An easy way to save shots on the golf course – Know the rules!

An easy way to save shots on the golf course – Know the rules!

Golf Chats is a website to encourage discussions on various subjects relating to the game of golf. I am Mel Sole, Director of Instruction of the Mel Sole Golf School and SAPGA Master Professional.  I invite you to enter into a discussion on this or any article on the golfchats.com website.  The input is for the entire subscriber base to learn something new each time!  Please post your comments below.  Keep it clean and tasteful.  We are here to learn from one another!

Know the Rules!  We have all seen both PGA and LPGA players lose tournaments because of a rules infraction.  None so devastating as Dustin Johnson losing the PGA Championship at Whistling Straits by grounding his club in a bunker that he did not realize was a bunker.  By knowing the rules, you can save yourself several shots in a round of golf, plus you will know when a fellow competitor breaks a rule.  Remember, when you play in a stroke play event, it is your duty to know the rules to protect the rest of the field from anyone gaining an advantage.  Thanks to the Mel Sole Golf School for helping out with this important subject!

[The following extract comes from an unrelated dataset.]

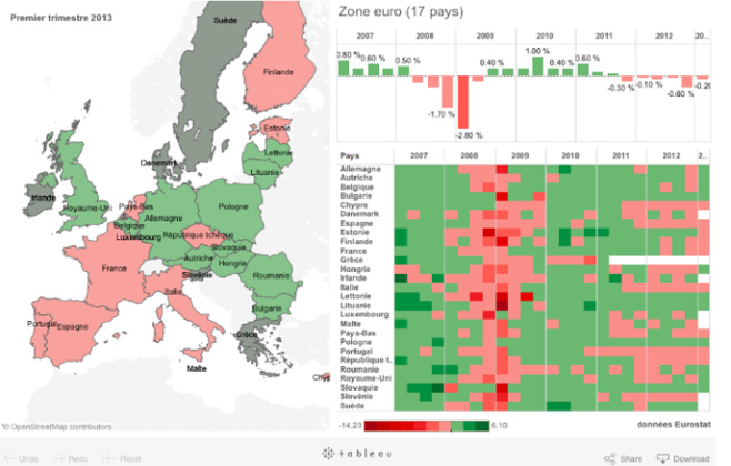 La photographie de l'Europe en récession est un exemple éloquent de ce que les données permettent de créer sur le plan journalistique. Nous savons que cela n'est en rien nouveau, mais comment dès lors proposer des articles innovants sur les chiffres trimestriels publiés par les agences européennes de statistiques ? Ces chiffres nous concernent tous, mais nous n'aimons pas tous lire de longs articles. Il serait préférable de consulter un instantané, qui donne une perspective générale de la situation, ce que proposent notamment les cartes et cartes de chaleur. Ces cartes présentent la situation actuelle et donnent une vision chronologique des événements, pour mieux permettre de déterminer à quel moment les choses ont mal tourné. De plus, les événements sont plus faciles à mémoriser dès lors qu'ils sont présentés visuellement.
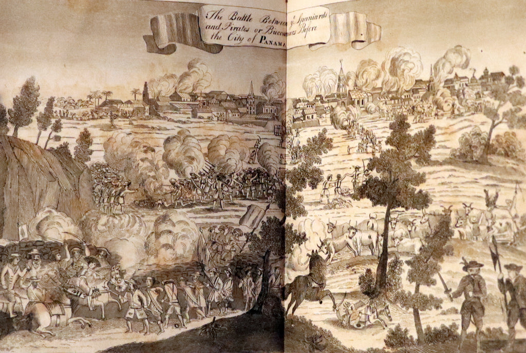 Illustration: Complete with the 12 illustrations, the folding illustration of the battle of Panama and the scarce folding Map of the South Sea & Coasts of America (Map has been neatly repaired with clear archival tape at the back).

Know the rules – Lower your scores!

In this month’s video, Mel Sole shares an important off-the-course golf tip: know the rules of golf! Decisions on the Rules of Golf is an excellent manual that clarifies any ambiguity that might arise from the Rules and allows you to correctly interpret the complete Rules of Golf.

How does knowing the Rules help you shoot lower scores? As Mel describes in telling a story about Harry Bradshaw’s big mistake in the ’49 British Open, not knowing the Rules leads to bad decisions on the course—decisions that will cost you shots!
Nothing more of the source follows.